SXT activated Pi-3K-mediated signaling cascade in T2DM rats

Insulin-stimulated glucose transport is the primary result of GLUT4 translocation, and the PI-3K-mediated pathway plays important roles in insulin stimulated translocation of GLUT4 from intracellular compartment to membrane. To understand the SXT intervention mechanism of glucose uptake in T2DM rats and make clear whether it was associated with PI-3K-mediated pathway, we detected the mRNA levels of GLUT4, PI-3K, Akt, and protein levels of GLUT4, PI-3K, p-PI-3K, Akt, and p-Akt. Results suggested that GLUT4, PI-3K, Akt mRNA levels and protein expression levels of GLUT4, p-PI-3K, p-Akt were obviously inhibited in model group rats than that in normal rats. Diabetes rats, treated with SXT for 7 weeks, showed an upward trend in the expression of GLUT4, phosphorylated Akt and phosphorylated PI-3K in skeletal muscle with a dose-dependence manner (Figures 5A–F). It is illustrated that SXT could enhance key factors in the activation of PI-3K/Akt pathway.

Figure 5.

Figure 5

(A) mRNA expression level of PI-3K, (B) mRNA expression level of Akt, (C) mRNA expression level of GLUT4, (D) protein expression level of phosphorylated PI-3K, (E) protein expression level of phosphorylated Akt and (F) protein expression level of GLUT4 in skeletal muscle of the normal group (N), model group (M), and groups gavaged with metformin (Met), 5 g/kg SXT (SL), 10 g/kg SXT (SM), and 15 g/kg SXT (SH). The values were shown as mean ± SD for seven animals. **P < 0.01, *P < 0.05 vs. Normal; ##P < 0.01, #P < 0.05 vs. Model.

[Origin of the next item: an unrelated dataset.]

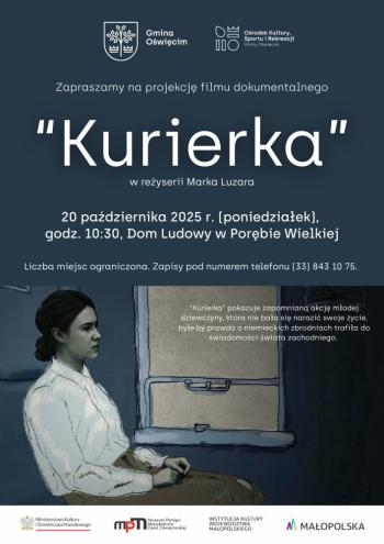 Serdecznie zapraszamy na projekcję filmu dokumentalnego „Kurierka” w reżyserii Marka Luzara, która odbędzie się 20 października 2025 r. (poniedziałek) o godz. 10:30 w Domu Ludowym w Porębie Wielkiej.

Metabolic profiling analysis

QC samples analysis

The relatively clustering of QCs (Figure 6A) and relative standard deviations (RSD%) of ion intensity (Table 1) expound and prove the quality of QC data, and trend plots showed the variation of t[5] over all observations (Figure 6B). The validation of method was used by Chromatographic peaks of ten ions, which was randomly selected. The examination of method repeatability was used six replicates of QC sample. Our results exhibited that this method had excellent repeatability and stability.

Figure 6.

Figure 6

Assessment of QC samples (A) PCA score plot of test samples and QC samples; (B) Trend plot showing the variation of t[5] over all observations. QC samples were colored as red boxes and test samples were colored as black triangle. X axis numbers represented sample number (41 injections). Y axis was arbitrary (3 s.d.).

Table 1.

Coefficient of variation of ion intensity of selected ions present in the QC samples covering the range of retention times.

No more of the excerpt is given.